Indian healthcare industry portrays contrasting pictures in metro cities and rural areas: Deloitte chief
Indian healthcare industry is now portraying a contrasting picture. On the one hand, there is the presence of corporate hospitals in the metro cities, while on the other hand there is the grossly inadequate health infrastructure in the rural areas of the country.
Although the Indian health care industry is on a robust growth phase and expected to touch US$ 250 billion by 2020, the growth has been lopsided and restricted to urban regions. Only 13 per cent of the rural population has access to a primary healthcare centre and 9.6 per cent to a hospital. The infrastructure to cater to the burgeoning demand falls short on various parameters including availability of hospital beds, physicians, extent of government spending on healthcare.
This limited supply is also skewed in favour of the metros and big cities while, small towns and rural India face a huge shortage making them rely almost entirely on the government health infrastructure, which is severely strained, Charu Sehgal, senior director, Deloitte Touche Tohmatsu India Private Limited told Pharmabiz.
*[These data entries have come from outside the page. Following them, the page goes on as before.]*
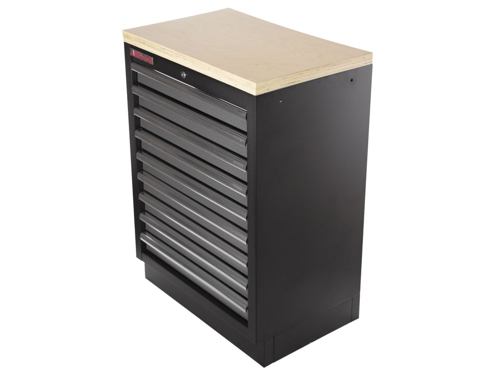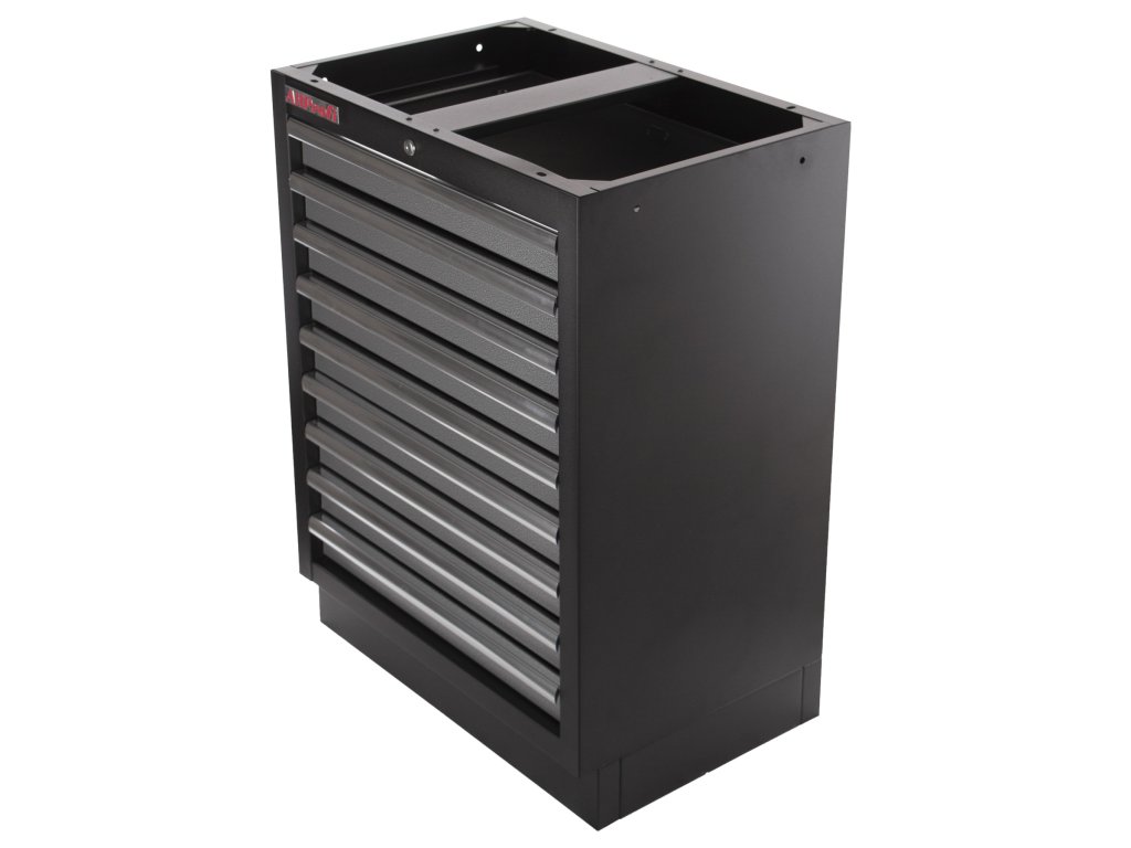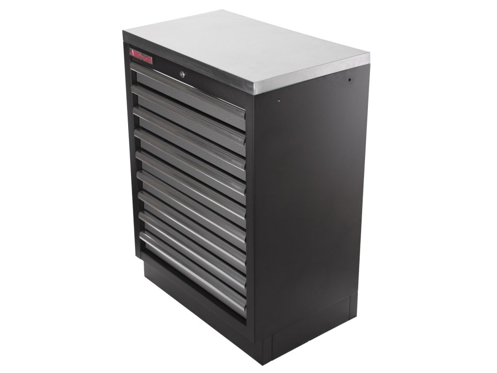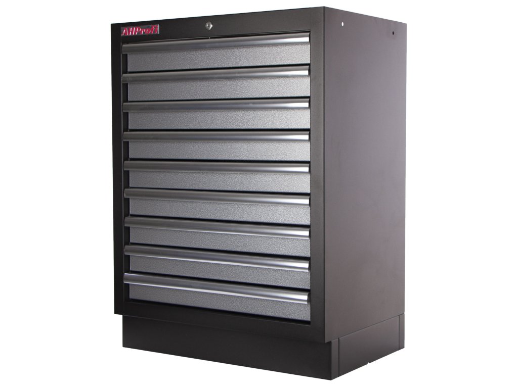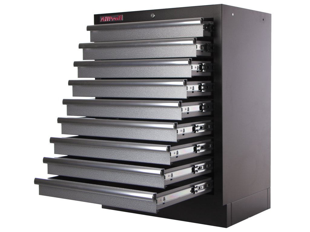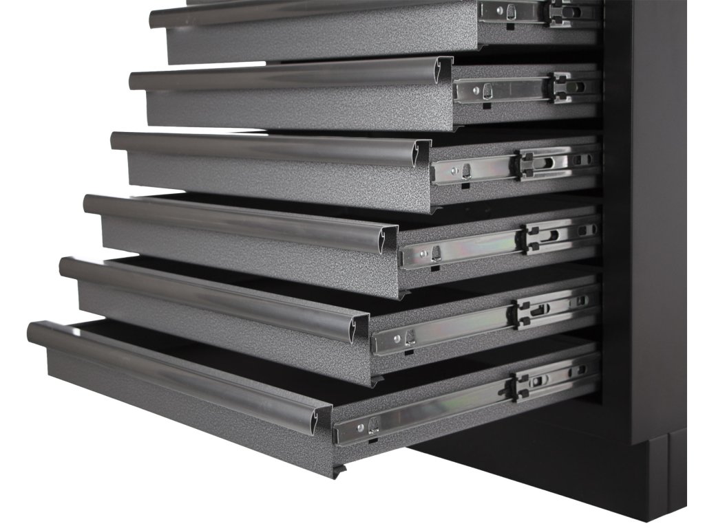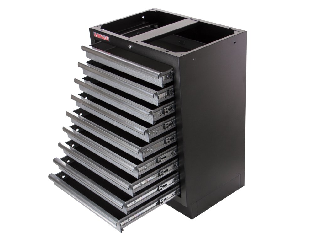 Celokovová dílenská skříň s 9-ti zásuvkami zajišťuje maximální přehled, úložnou kapacitu a odolnost i v náročném provozu.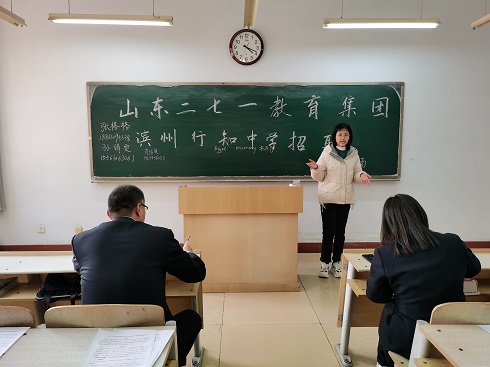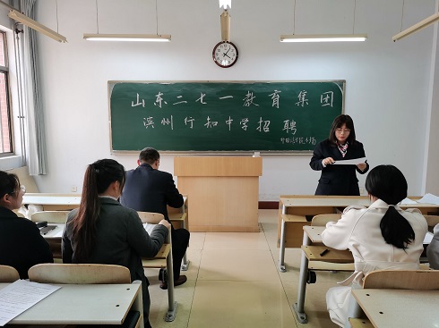 山东二七一教育集团是一家集教育研发、教学管理、培训交流、品牌推广、研学旅行和学生实习农场建设管理于一体的大型公益性教育集团。本次教师招聘活动采取测试、试讲、面试相结合的方式进行。活动伊始,山东二七一教育集团招聘负责人向在场各位表示亲切问候,简单介绍了集团概况,以及此次所需岗位要求,并为有意向的同学下发资料表。随后,应聘学生按照顺序依次上台试讲。同学们仪态大方,精神饱满,声音抑扬顿挫,课堂生动有趣,用自己的方式表现出一位人民教师的风采,给大家留下了深刻印象。面试最后,招聘人员向应聘生提出问题,应聘生作答。评委们根据应聘学生现场表现作出客观公正的评价和打分,面试现场进行得有条不紊、井然有序。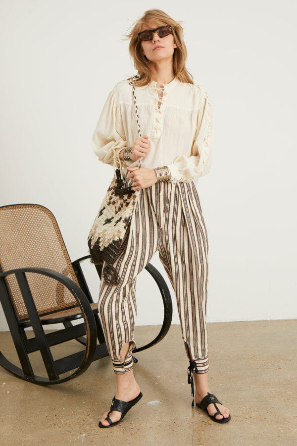 Pantalon rayé à nœud cheville "Zouave Bis" de Laurence Bras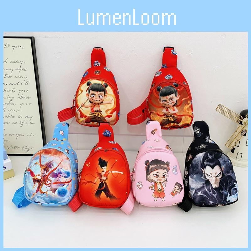 The Nezha Cartoon Kids Small Crossbody Bag features a durable polyester exterior combined with a lightweight nylon interior, measuring approximately18*14*6cm. Its playful anime-inspired design and vibrant color options make it suitable for daily use by children. Ideal for kindergarten and everyday activities, it supports easy carrying and organization. Wipe clean with a damp cloth for maintenance.

The government healthcare expenditure is lowest in the world at 0.9 per cent and the private spending is highest among the BRIC (Brazil, Russia, India and China) countries.
“The biggest challenge before healthcare providers is to increase quality supply while at the same time ensure that it is affordable to patients in the economically backward category,” she added.
Related to this, the challenge is to increase and improve availability and reach of healthcare services. It is also important to address the affordability for patients with innovative health financing mechanisms and ensure quality care adhering to ethically appropriate guidelines, she added.
The industry is also coping with the challenge of having to balance the inherent high investment in healthcare delivery by bringing in operational efficiencies and cost optimization.
The shortage of adequately trained human resources covering doctors, nurses and paramedics is likely to be a huge bottleneck in growth of this sector, she pointed out. However recent trends witnessed include frugal innovations to reduce cost and harness innovative technology to enhance mobile health. Efforts by the government through social insurance can improve availability of healthcare through various public-private partnerships, stated Sehgal.
While the sector is attracting investments from venture capitalists and private equity firms, funding has been selective and backed by prudent due-diligence. The potential as well as the need for large investments required to bridge the demand-supply gap makes the health sector an attractive option for PEs and VCs.
However, value creation in health delivery is time-consuming making the investment ‘relatively longer-term’ for it to yield attractive returns and remain sustainable. In fact, PE and VC investments have been forthcoming across the healthcare value chain covering providers, medical technology companies, diagnostics and pharmaceuticals. These have been backed by a strong business and growth strategy, financial transparency and quality of leadership, stated Sehgal.